━━━━━ The records ━━━━━

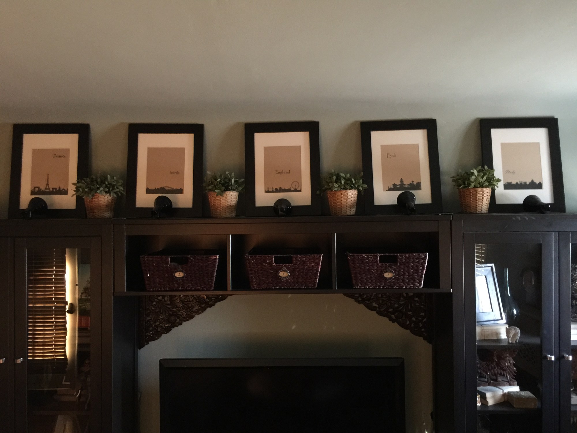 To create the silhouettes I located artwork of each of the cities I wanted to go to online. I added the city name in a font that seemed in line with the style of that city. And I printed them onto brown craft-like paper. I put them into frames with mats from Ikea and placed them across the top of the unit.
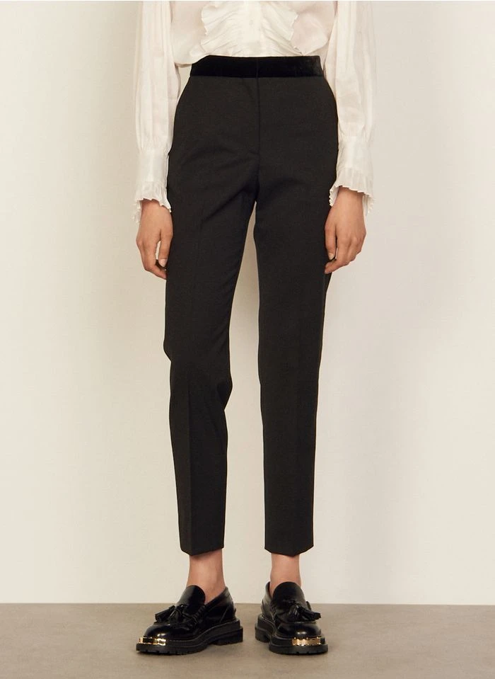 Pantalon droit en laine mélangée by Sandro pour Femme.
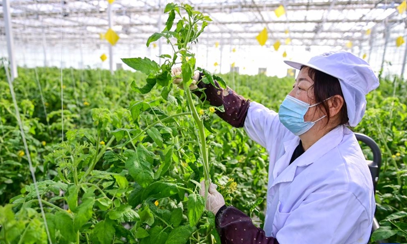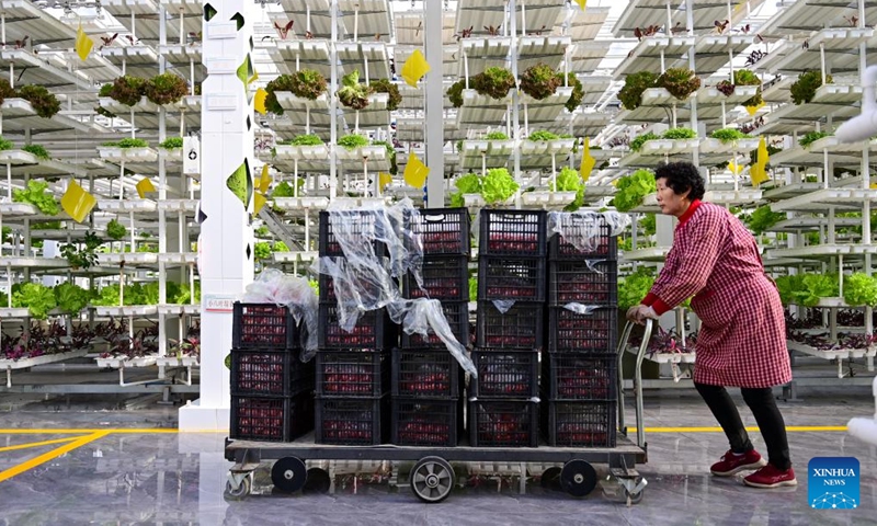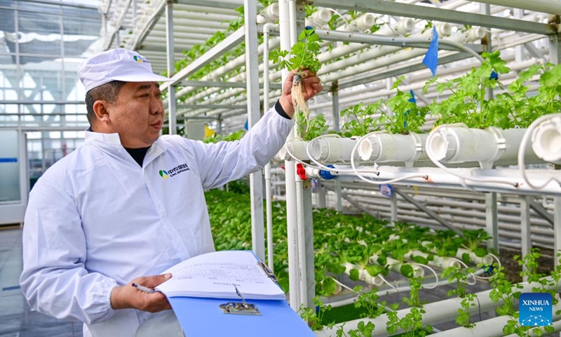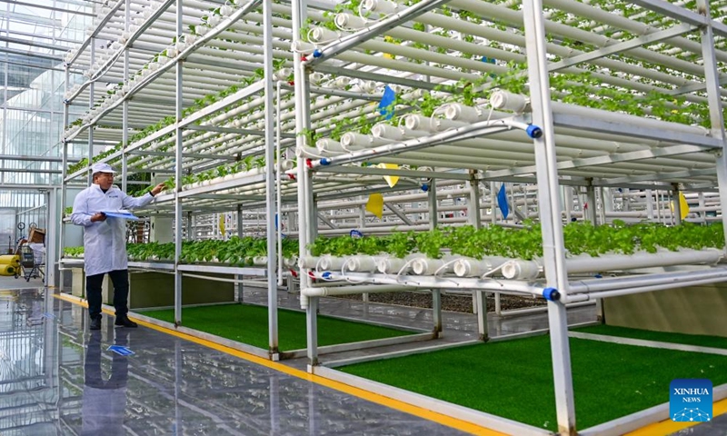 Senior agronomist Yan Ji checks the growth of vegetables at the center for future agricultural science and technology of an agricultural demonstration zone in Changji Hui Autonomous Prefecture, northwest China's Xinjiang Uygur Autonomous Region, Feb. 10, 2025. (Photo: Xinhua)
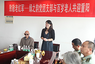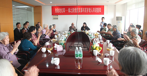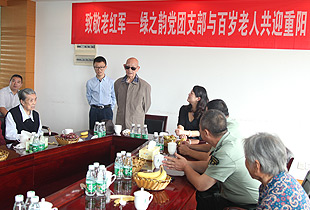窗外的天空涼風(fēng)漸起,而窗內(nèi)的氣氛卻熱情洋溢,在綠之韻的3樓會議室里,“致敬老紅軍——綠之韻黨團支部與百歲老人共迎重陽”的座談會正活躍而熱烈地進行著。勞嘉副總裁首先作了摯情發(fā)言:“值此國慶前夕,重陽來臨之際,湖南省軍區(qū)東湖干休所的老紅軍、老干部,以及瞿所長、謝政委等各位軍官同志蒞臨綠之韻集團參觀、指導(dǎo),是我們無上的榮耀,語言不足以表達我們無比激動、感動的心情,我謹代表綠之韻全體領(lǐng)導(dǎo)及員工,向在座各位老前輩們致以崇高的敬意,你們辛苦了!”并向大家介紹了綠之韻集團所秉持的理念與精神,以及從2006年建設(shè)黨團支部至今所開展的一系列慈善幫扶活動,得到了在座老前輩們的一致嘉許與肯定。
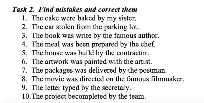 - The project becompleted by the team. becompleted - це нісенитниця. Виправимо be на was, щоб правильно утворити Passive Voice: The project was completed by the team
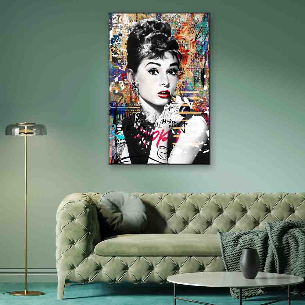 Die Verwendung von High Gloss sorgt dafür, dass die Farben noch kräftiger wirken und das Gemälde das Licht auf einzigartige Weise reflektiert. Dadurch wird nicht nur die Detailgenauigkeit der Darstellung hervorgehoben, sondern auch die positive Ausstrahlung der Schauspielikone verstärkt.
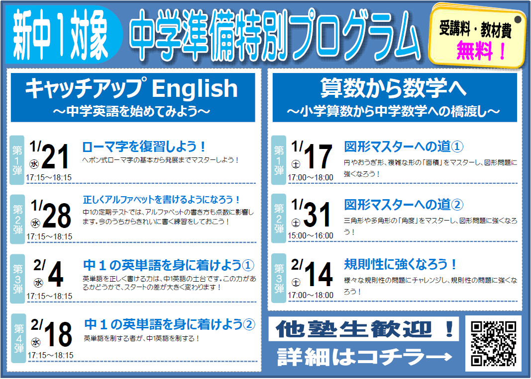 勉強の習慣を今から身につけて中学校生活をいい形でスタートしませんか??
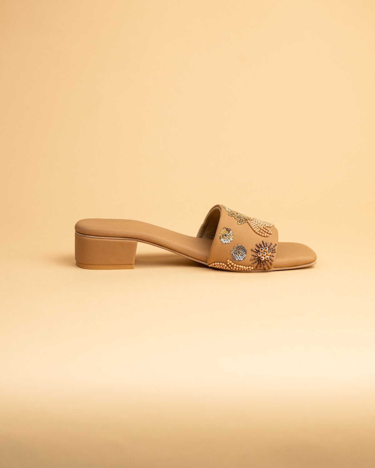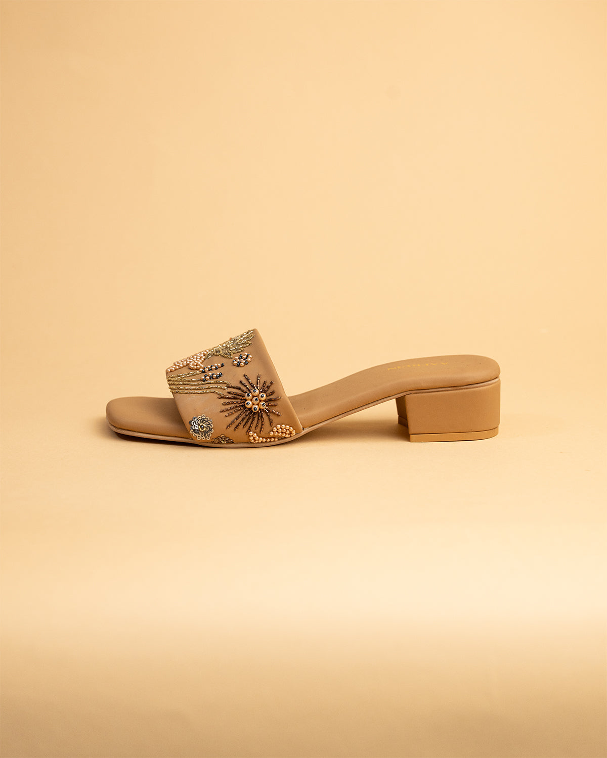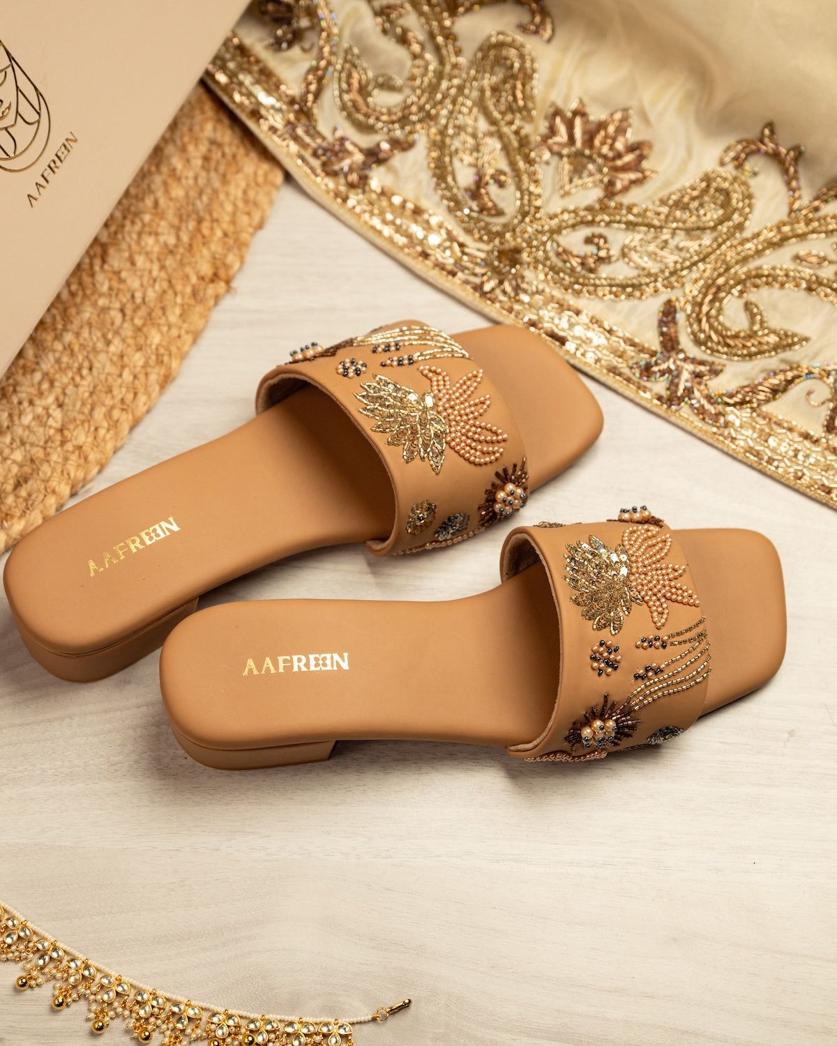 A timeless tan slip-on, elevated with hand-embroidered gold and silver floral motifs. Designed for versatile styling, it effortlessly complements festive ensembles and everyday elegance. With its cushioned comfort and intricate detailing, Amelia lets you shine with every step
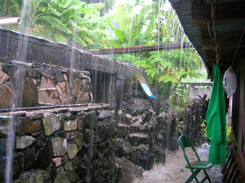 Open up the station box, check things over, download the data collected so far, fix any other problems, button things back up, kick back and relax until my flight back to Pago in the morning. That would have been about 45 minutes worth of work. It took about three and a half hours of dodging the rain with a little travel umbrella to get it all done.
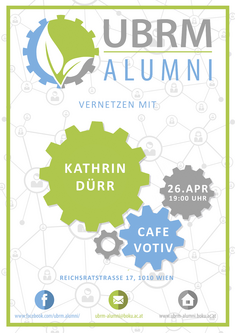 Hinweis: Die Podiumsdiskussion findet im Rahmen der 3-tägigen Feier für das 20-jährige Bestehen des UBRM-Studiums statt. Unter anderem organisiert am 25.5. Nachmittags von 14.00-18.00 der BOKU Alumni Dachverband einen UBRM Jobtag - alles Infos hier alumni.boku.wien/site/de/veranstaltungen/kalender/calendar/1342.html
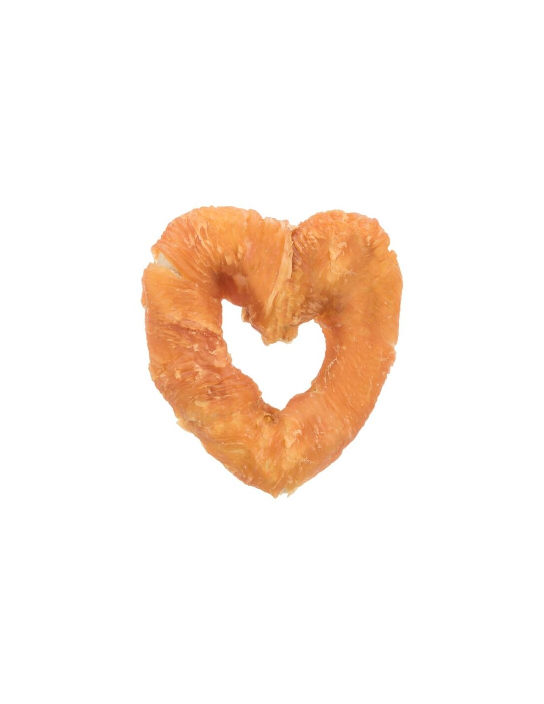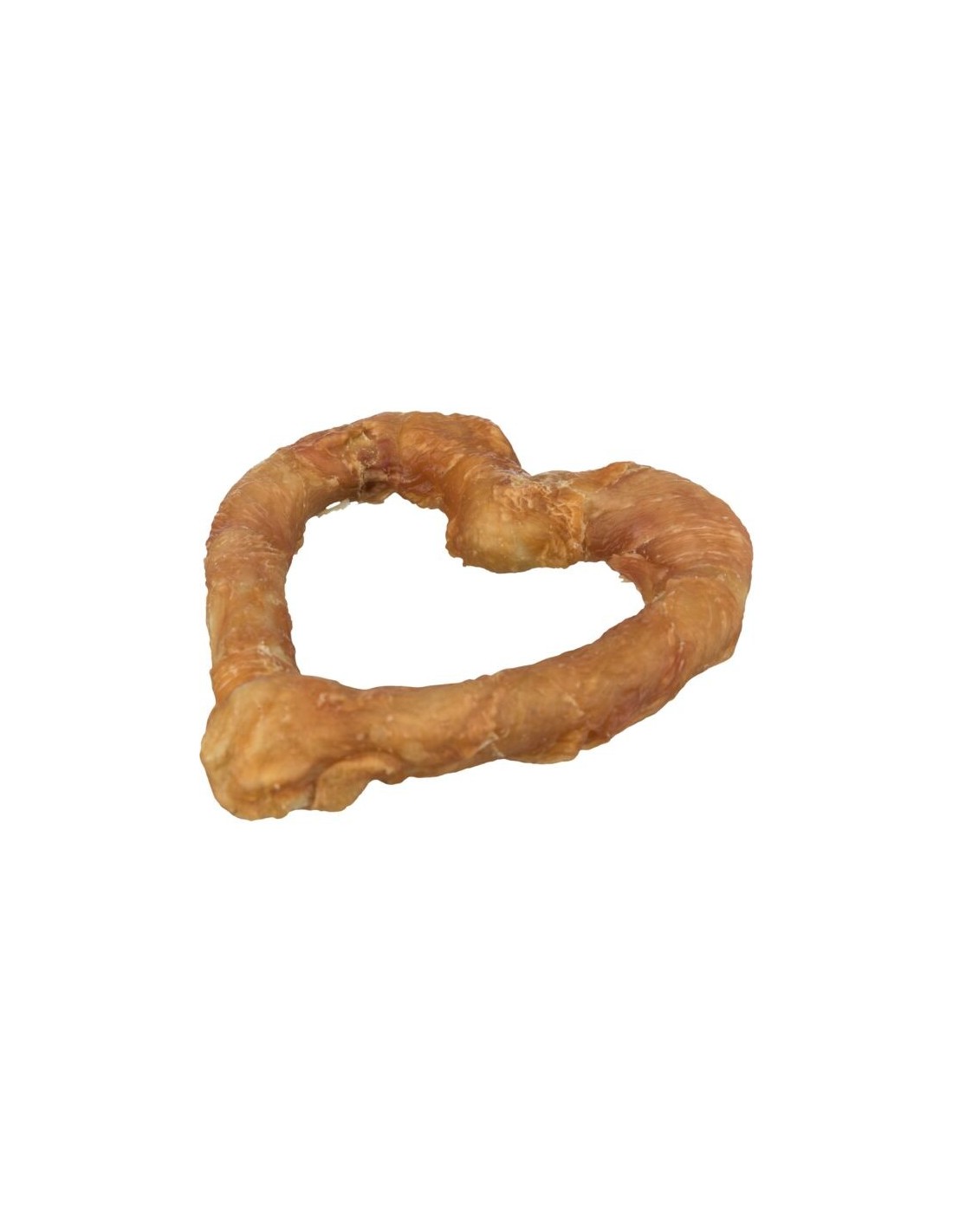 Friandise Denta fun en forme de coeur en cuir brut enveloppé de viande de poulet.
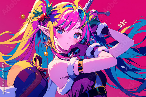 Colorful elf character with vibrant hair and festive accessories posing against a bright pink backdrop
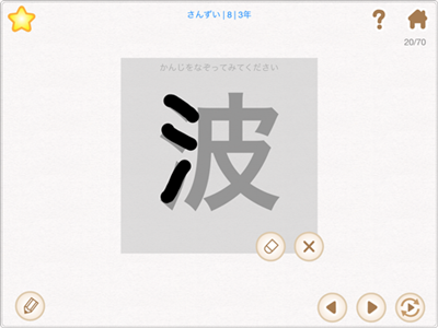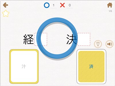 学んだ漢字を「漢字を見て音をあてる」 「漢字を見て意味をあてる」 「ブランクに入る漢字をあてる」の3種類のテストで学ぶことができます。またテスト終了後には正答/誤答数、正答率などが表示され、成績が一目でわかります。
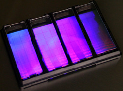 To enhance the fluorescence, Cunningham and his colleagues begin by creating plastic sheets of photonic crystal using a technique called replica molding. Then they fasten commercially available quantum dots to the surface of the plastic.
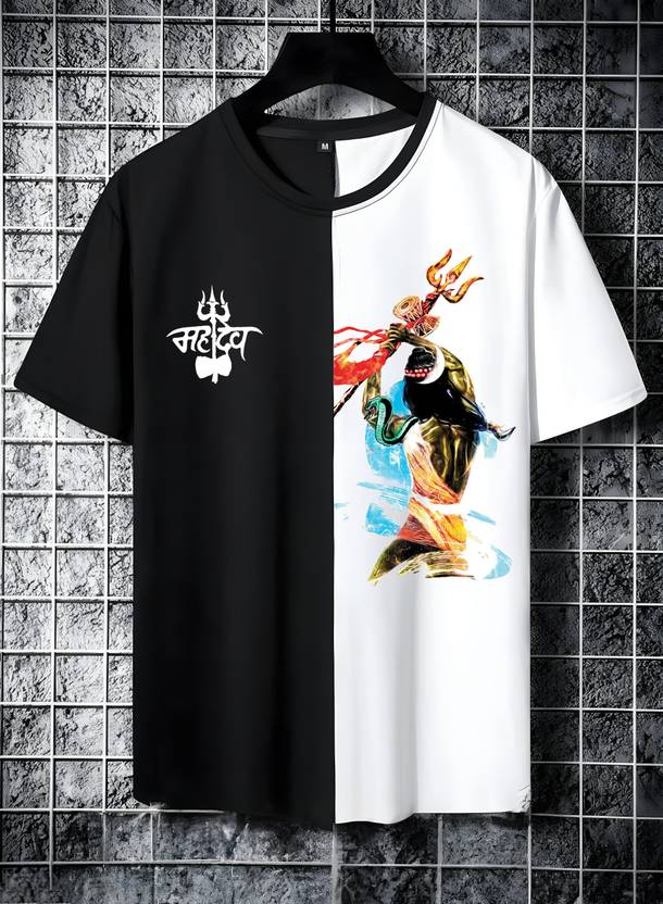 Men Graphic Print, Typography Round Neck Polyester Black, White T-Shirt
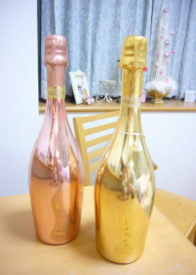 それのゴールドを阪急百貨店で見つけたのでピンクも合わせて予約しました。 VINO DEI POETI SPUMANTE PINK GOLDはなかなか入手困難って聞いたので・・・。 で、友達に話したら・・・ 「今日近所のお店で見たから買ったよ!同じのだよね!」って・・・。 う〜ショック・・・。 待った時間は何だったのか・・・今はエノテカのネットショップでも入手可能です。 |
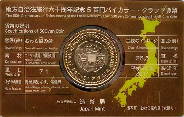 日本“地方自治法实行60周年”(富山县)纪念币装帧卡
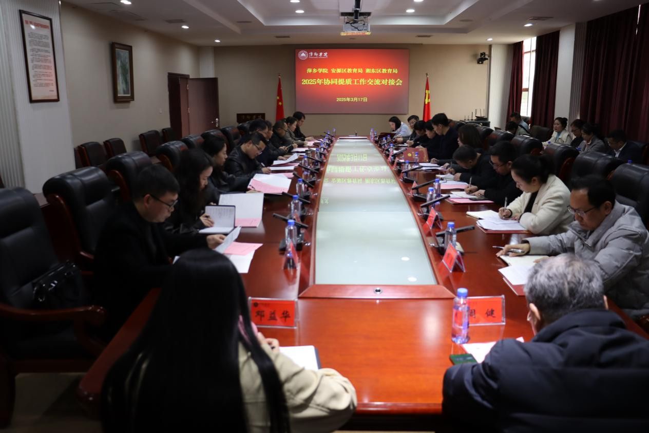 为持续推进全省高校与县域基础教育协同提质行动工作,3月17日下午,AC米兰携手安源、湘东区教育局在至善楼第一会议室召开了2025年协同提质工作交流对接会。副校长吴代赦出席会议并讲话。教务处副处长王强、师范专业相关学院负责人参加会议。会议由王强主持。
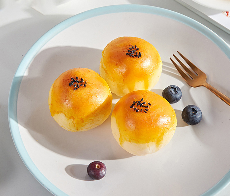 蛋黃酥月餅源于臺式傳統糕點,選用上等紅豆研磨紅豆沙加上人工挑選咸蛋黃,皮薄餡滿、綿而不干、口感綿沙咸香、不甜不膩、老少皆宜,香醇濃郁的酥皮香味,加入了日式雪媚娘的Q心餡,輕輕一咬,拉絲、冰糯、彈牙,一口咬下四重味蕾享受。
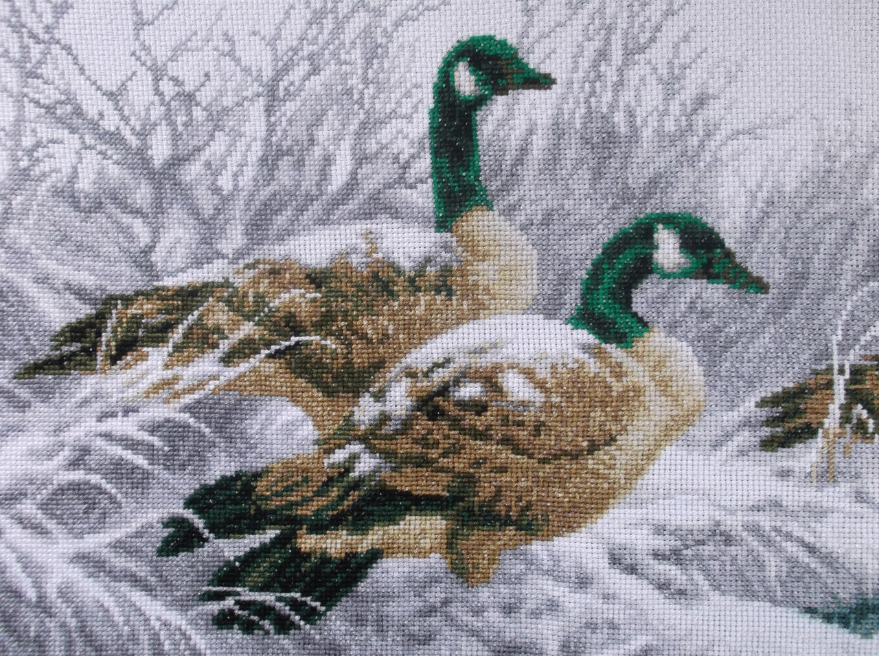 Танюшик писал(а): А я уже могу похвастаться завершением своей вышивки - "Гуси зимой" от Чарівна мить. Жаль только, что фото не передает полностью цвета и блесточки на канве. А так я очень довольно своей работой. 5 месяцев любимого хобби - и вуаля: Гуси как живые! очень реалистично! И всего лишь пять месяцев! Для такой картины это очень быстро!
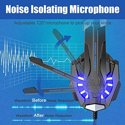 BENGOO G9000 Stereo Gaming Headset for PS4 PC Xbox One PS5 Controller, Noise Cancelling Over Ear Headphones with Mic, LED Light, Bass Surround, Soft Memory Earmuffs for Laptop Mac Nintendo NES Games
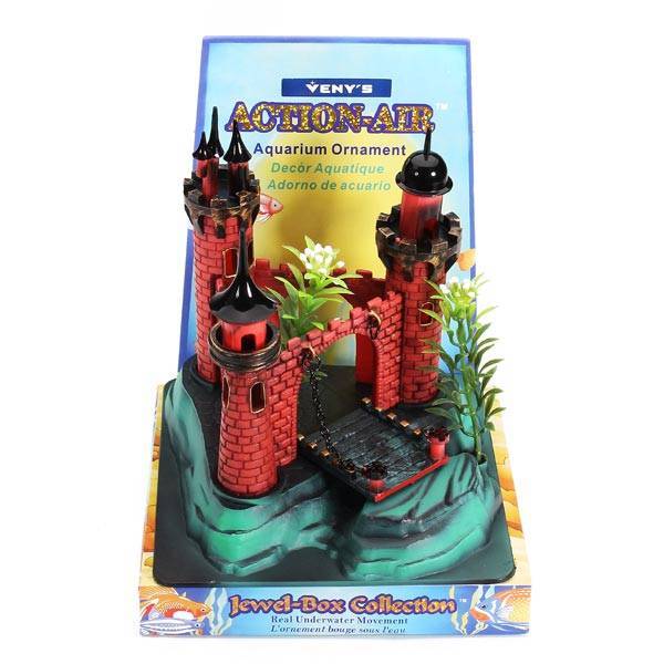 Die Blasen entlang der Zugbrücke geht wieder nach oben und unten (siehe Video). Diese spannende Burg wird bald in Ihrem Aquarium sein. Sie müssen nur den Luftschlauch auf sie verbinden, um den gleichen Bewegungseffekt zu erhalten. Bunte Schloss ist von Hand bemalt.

━━━━━

— Assignment —
Each line from the start of the entries to the line holding "Pantalon droit en" is to be given again exactly, both ends included, and each picture is to be left out.

— Response box —
 To create the silhouettes I located artwork of each of the cities I wanted to go to online. I added the city name in a font that seemed in line with the style of that city. And I printed them onto brown craft-like paper. I put them into frames with mats from Ikea and placed them across the top of the unit.
 Pantalon droit en laine mélangée by Sandro pour Femme.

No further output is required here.